The Trainium2 chip is designed to target complex GenAI LLM inferencing and training workloads with a 500W chip that has 650 TFLOP/s per chip of a dense BF16 performance with 96GByte of HBM3e memory capacity. The chip also features a scale-up network called NeuronLink. The Trainium2 server architecture consists of two SKUs, the Trainium2 (Trn2) and Trainium2-Ultra (Trn2-Ultra), with the latter being the primary SKU for GenAI frontier model training and inference for internal Amazon workloads and for Anthropic’s workloads.
Key takeaways:
- Amazon is investing heavily in AI clusters, deploying a large number of Hopper and Blackwell GPUs and investing billions in Trainium2 AI clusters.

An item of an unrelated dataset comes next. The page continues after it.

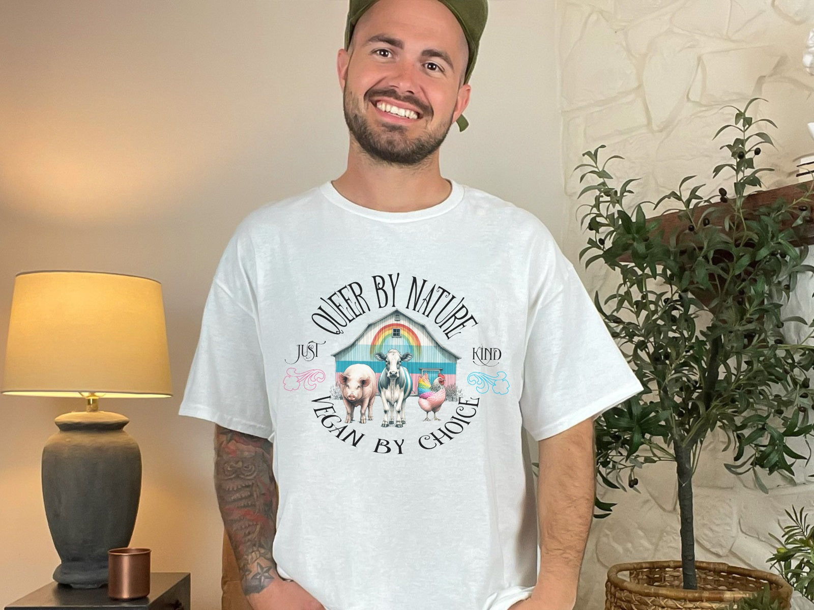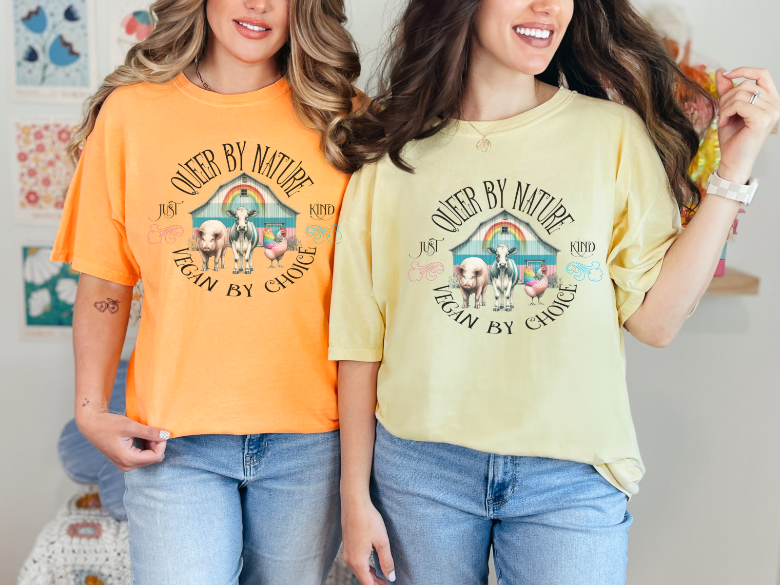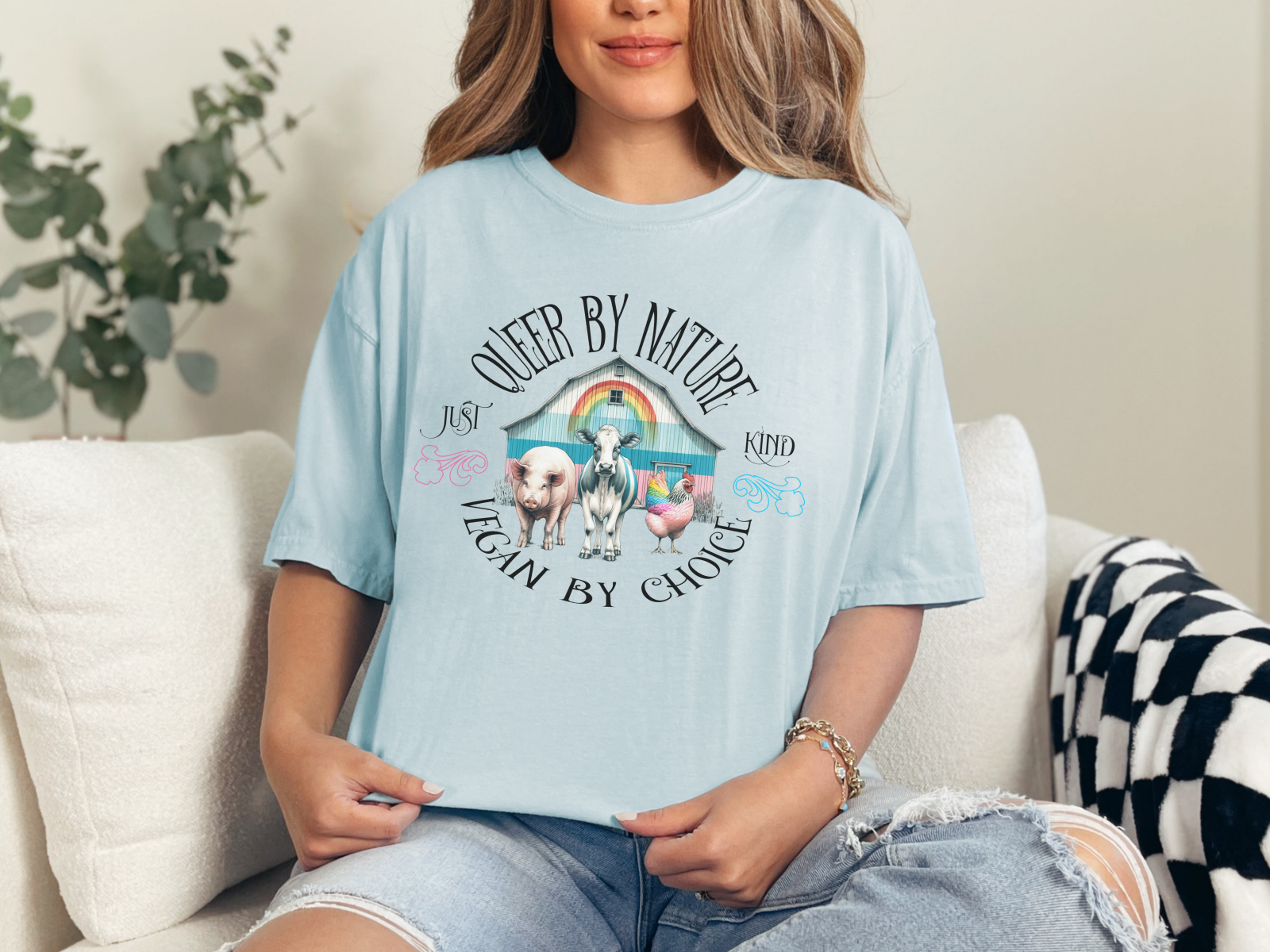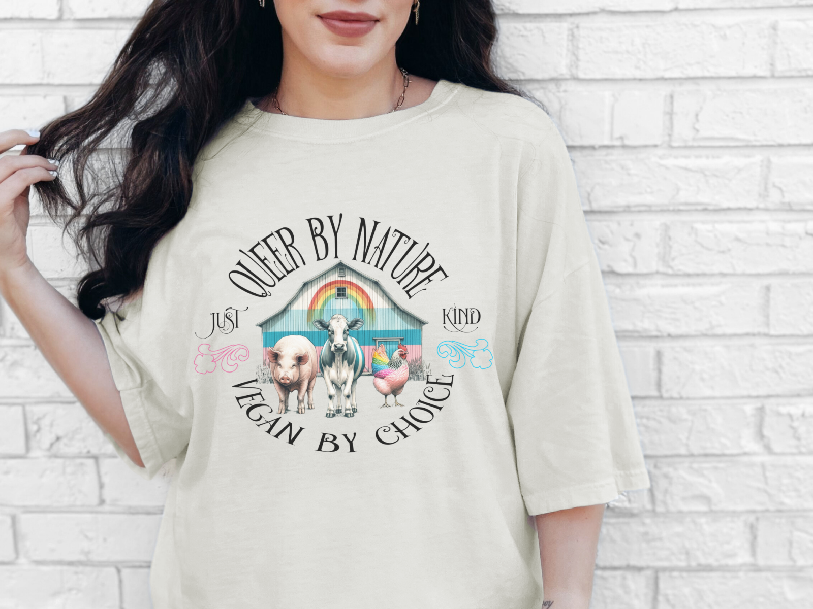 Celebrate your identity and lifestyle with our "Queer by Nature, Vegan by Choice" tee. This shirt features a vibrant design that proudly showcases your commitment to both the LGBTQ+ community and veganism. Made from soft, high-quality cotton, it offers comfort and style for everyday wear. Whether you're marching at a pride parade or enjoying a plant-based meal, this tee is perfect for expressing your values. Stand out with pride and compassion!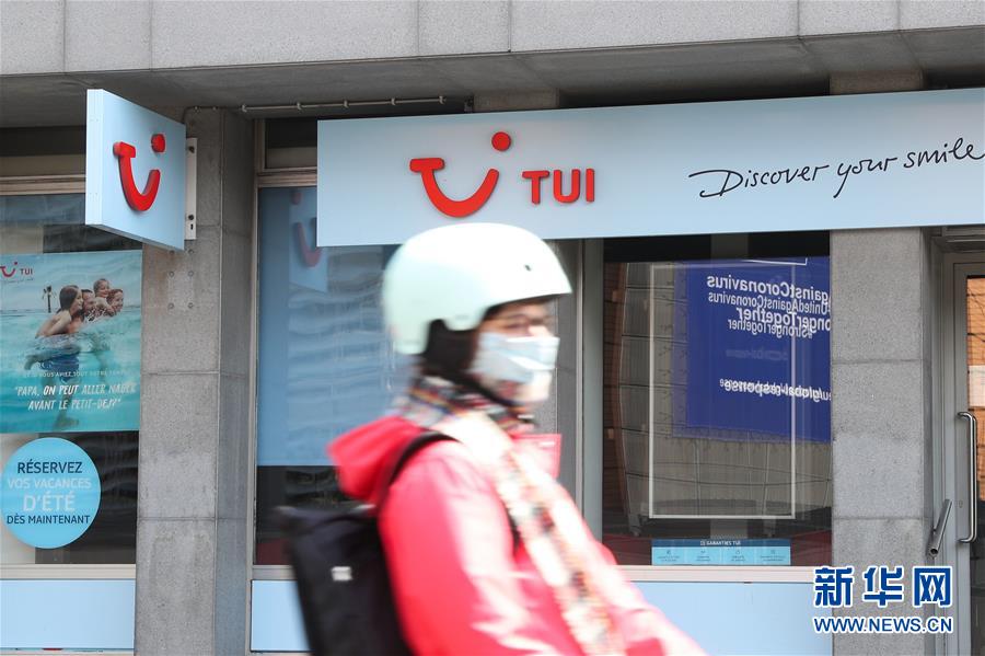 5月13日,一名女子經(jīng)過比利時布魯塞爾的一家途易集團的門店。受新冠疫情沖擊,旅游公司面臨財務(wù)壓力。歐洲最大旅游公司途易集團13日宣布準備裁員8000人以控制運營成本。途易集團總部位于德國,擁有旅行社、酒店、航空、郵輪等服務(wù)。新華社記者鄭煥松攝

- AWS is currently deploying a cluster with 400k Trainium2 chips for Anthropic, known as “Project Rainier”. This is one of the largest AI cluster deployments globally.
- Despite these investments, Amazon's Trainium1 and Inferentia2 based instances have not been competitive for GenAI frontier model training or inference due to weak hardware specs and poor software integration.
- With the release of Trainium2, Amazon has made a significant course correction and is on a path to eventually providing a competitive custom silicon in training and inference on the chip, system, and the software compiler/frameworks level.